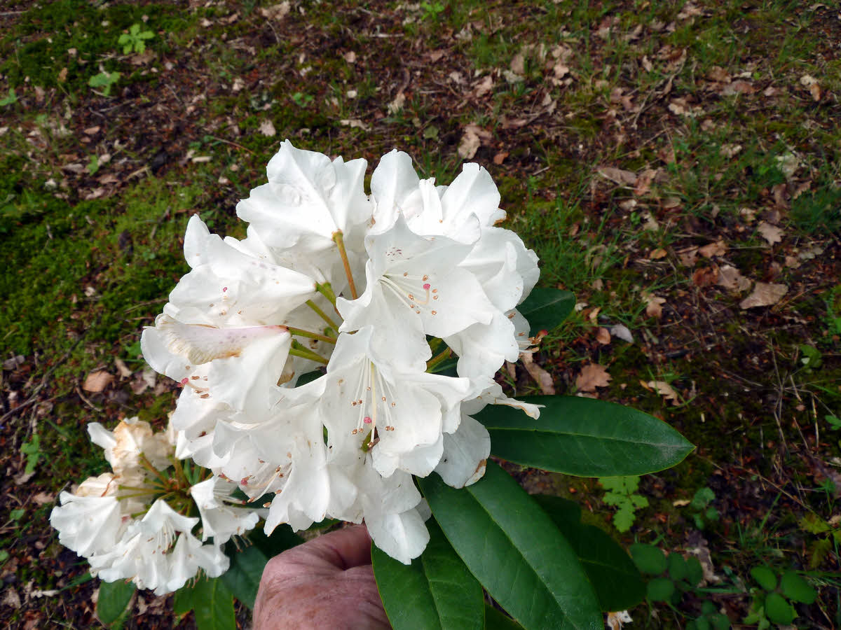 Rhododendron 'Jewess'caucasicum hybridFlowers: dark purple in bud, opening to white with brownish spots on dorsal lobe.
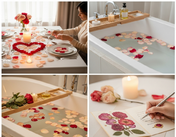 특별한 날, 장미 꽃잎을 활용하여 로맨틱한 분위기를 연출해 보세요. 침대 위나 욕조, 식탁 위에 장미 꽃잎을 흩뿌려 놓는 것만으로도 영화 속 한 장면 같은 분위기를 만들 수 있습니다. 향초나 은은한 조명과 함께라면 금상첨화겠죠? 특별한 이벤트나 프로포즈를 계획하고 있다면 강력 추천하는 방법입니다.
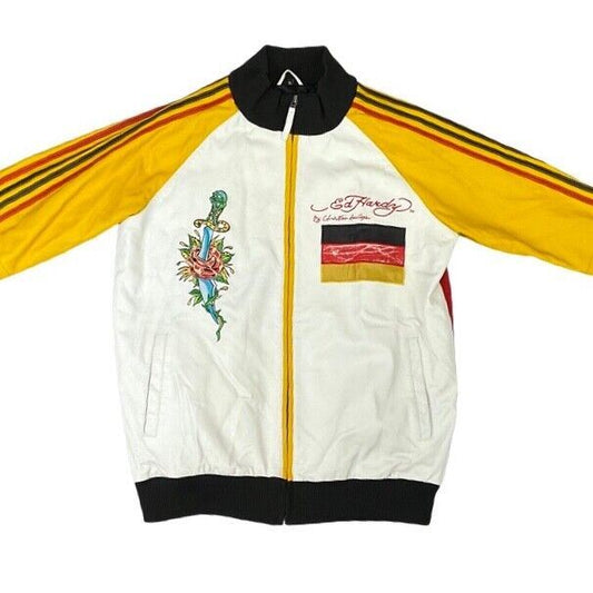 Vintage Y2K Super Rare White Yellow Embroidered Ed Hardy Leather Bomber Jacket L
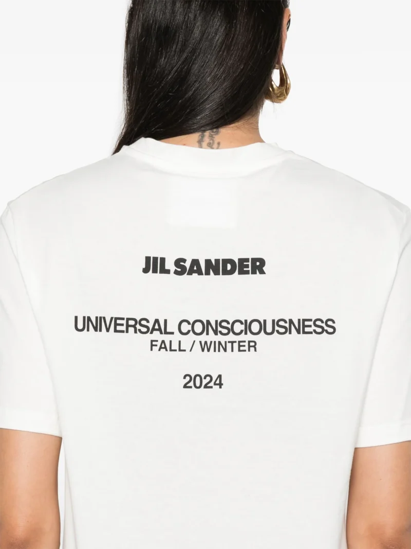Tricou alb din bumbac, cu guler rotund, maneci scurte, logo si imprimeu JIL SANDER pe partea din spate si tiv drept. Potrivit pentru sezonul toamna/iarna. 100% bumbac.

* WORK ITEM
Reproduce the whole listing word for word, setting aside any pictures.

* REPLY TO THE EXERCISE
 Rhododendron 'Jewess'caucasicum hybridFlowers: dark purple in bud, opening to white with brownish spots on dorsal lobe.
 특별한 날, 장미 꽃잎을 활용하여 로맨틱한 분위기를 연출해 보세요. 침대 위나 욕조, 식탁 위에 장미 꽃잎을 흩뿌려 놓는 것만으로도 영화 속 한 장면 같은 분위기를 만들 수 있습니다. 향초나 은은한 조명과 함께라면 금상첨화겠죠? 특별한 이벤트나 프로포즈를 계획하고 있다면 강력 추천하는 방법입니다.
 Vintage Y2K Super Rare White Yellow Embroidered Ed Hardy Leather Bomber Jacket L
Tricou alb din bumbac, cu guler rotund, maneci scurte, logo si imprimeu JIL SANDER pe partea din spate si tiv drept. Potrivit pentru sezonul toamna/iarna. 100% bumbac.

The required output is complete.